Я машинально оглянулся. Мы заехали в поместье — под предлогом снять латы. Я мог в них пешком топать весь день, но люди от них уставали. Все отнеслись с пониманием. А потом, взяв только самых близких слуг и телохранителей, я аккуратно выскользнул из дома, без большой свиты. Даже пронырливый Дукат не смог увязаться.
Второе дело, которое я запланировал на сегодня, было тайным.
— Сперат, ты идёшь со мной. Остальным остаться здесь. Кроме тебя, Волок. Ты тоже пойдёшь.
Глава 15
По лезвию правды
Первое, что начали делать в заново собранной Серебряной Палате — плодить бюрократию. Пока они, к счастью, не додумались до отчетов и формуляров, поэтому сейчас это выглядело довольно разумно — на любое городское дело, особенно под которое выделялся бюджет, создавалась комиссия. «Собрание», если перевести буквально, но уже сейчас это слово стало нести другой оттенок. Этих комиссий уже наплодили почти сотню, и в них состояло четыреста человек. Каждому из которых полагалась плата — в зависимости от занятости. Комиссия, что следила за состоянием стен, не получала вообще ничего, хотя и отвечала головой за своё дело. Комиссия, руководившая работами по осушению канала в составе аж десяти человек, получала по десять сольдо в месяц — самая многочисленная и самая высокооплачиваемая комиссия города. Разумеется, состоять в комиссиях могли только граждане, чьи имена были в Серебряной или Золотой книгах.
Я в это не вмешивался. С одной стороны, комиссии лучше всяких соцопросов подсказывали мне, что больше всего беспокоит «средний класс» Караэна и контадо. Сейчас им было плевать на всё, если сравнивать с возможностью обретения новых пахотных земель рядом с городом. С другой — скорость, с которой Серебряная Палата плодила комиссии, давала мне надежду: вовлечённые в городские дела «граждане» и в самом деле сплотятся и начнут осознавать себя как единое целое. Впрочем, это уже происходило прямо на моих глазах. С огромной скоростью.

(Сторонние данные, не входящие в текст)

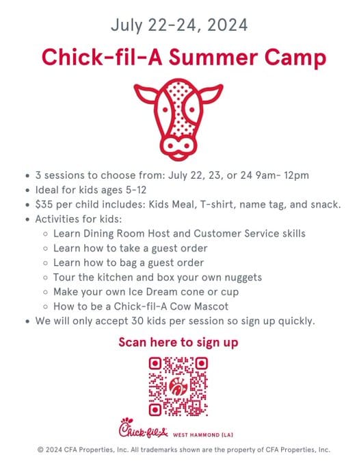 One local news segment gives us some disconcerting insights into the phenomenon of the fast-food summer camp. In the brief clip a mom, who is sending her daughter to the Chick-fil-A experience, explains that she and her family go to the chain every week, and therefore her daughter, “wanted her to learn kind of how things work and operate.” Then, when asked what her daughter Chloe is most excited about, this mom says, “Oh, she definitely likes to talk. So it's probably gonna be taking orders.” In the interview the woman also talks about how her niece attended the child-labor learning experience the year before, which added to her daughter’s desire to go spend part of a day working for Chick-fil-A while learning a few of the service industry ropes. And mom was happy to pay for the experience.
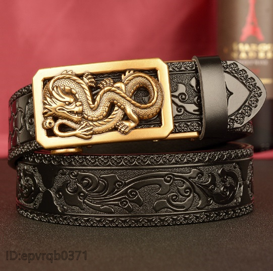 - レザーベルト 新品 オートロック式 バックル 龍ドラゴン 本革 柄物 メンズ ベルト 幅3.5センチ 紳士用 長さ調整可能 2色選ぶ/黒
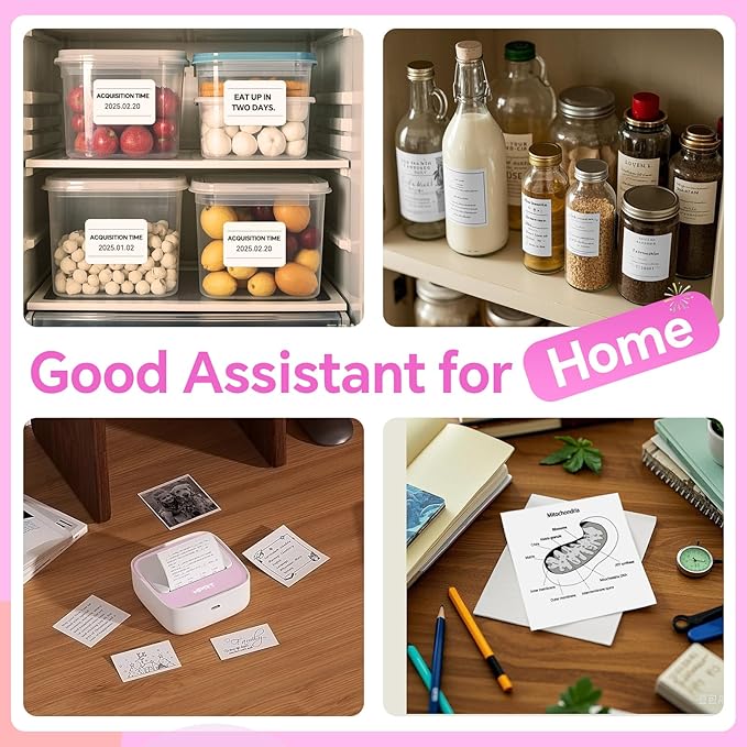 - 💗Inkless Technology - No Cartridge Hassle! This printer uses thermal stiker paper for instant,no messy refills and no drying ink. Perfect for hassle-free printing on the go
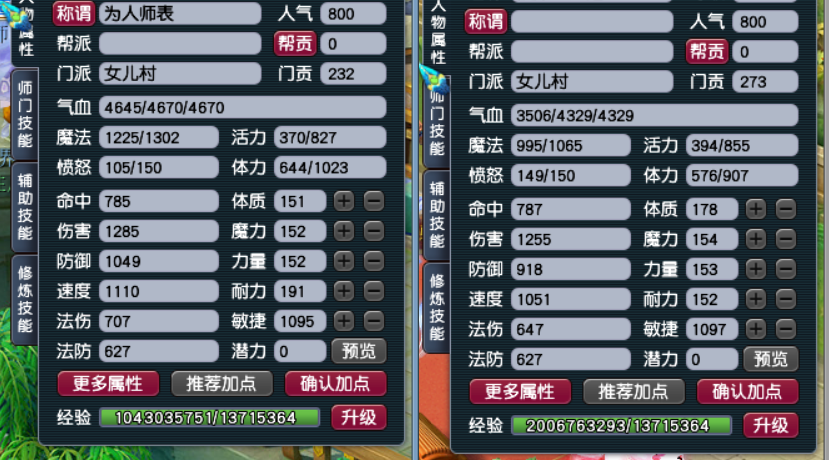 第三阶段贫民5开组合,第一阶段组合宝宝修无脑双20起步。1wdd4女儿基本要求60级的4固伤,4锐步,固伤腰带动物套,武器与头盔6段太阳石。武器430+20敏,衣服25敏,鞋子43敏动物套。宝宝修双15,400速度,1050灵力,高魔高爆法宠,全力宝宝一组。
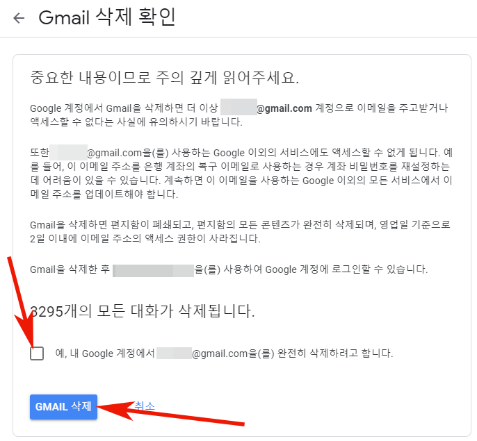 내용을 읽어보시고 하단에 체크를 하고 GMAIL 삭제를 눌러주시면 끝이납니다.

Моё самоустранение от комиссий пошло только на пользу — всякие мудрые правила, вроде того, что человек не может занимать должность в комиссии более года, — это продукт мозгового штурма местных. Мне тоже казалось это разумным — защита от номенклатуры и коррупционных связей. Но один раз я всё же вмешался. Когда дело дошло до создания комиссии расследований.
В большинстве городов этого мира вместо тюрьмы были лишь места временного содержания. Наказание следовало быстро. Людей не кормили годами за счёт казны. Их судили — и либо отпускали, либо карали, либо выдворяли. Исключения были редки и связаны с богатыми узниками или политическими интригами.
Но Караэн становился уж слишком большим. Множились случаи крупных краж. Раньше было трудно что-то утаить — купец и его работники узнают свой товар, и даже один краденый тюк сукна почти неизбежно попадётся им на глаза на ярмарке. Не говоря уже о попытках украсть что-то у соседей в контадо. Раньше был почти единственный способ — украсть подальше и закопать лет на десять в землю. Ну, или организовать соседей и ограбить проезжающих мимо купцов — если дело выгорит, а мести удастся избежать, то можно раздать добро внутри коммуны. Продать — уже риск.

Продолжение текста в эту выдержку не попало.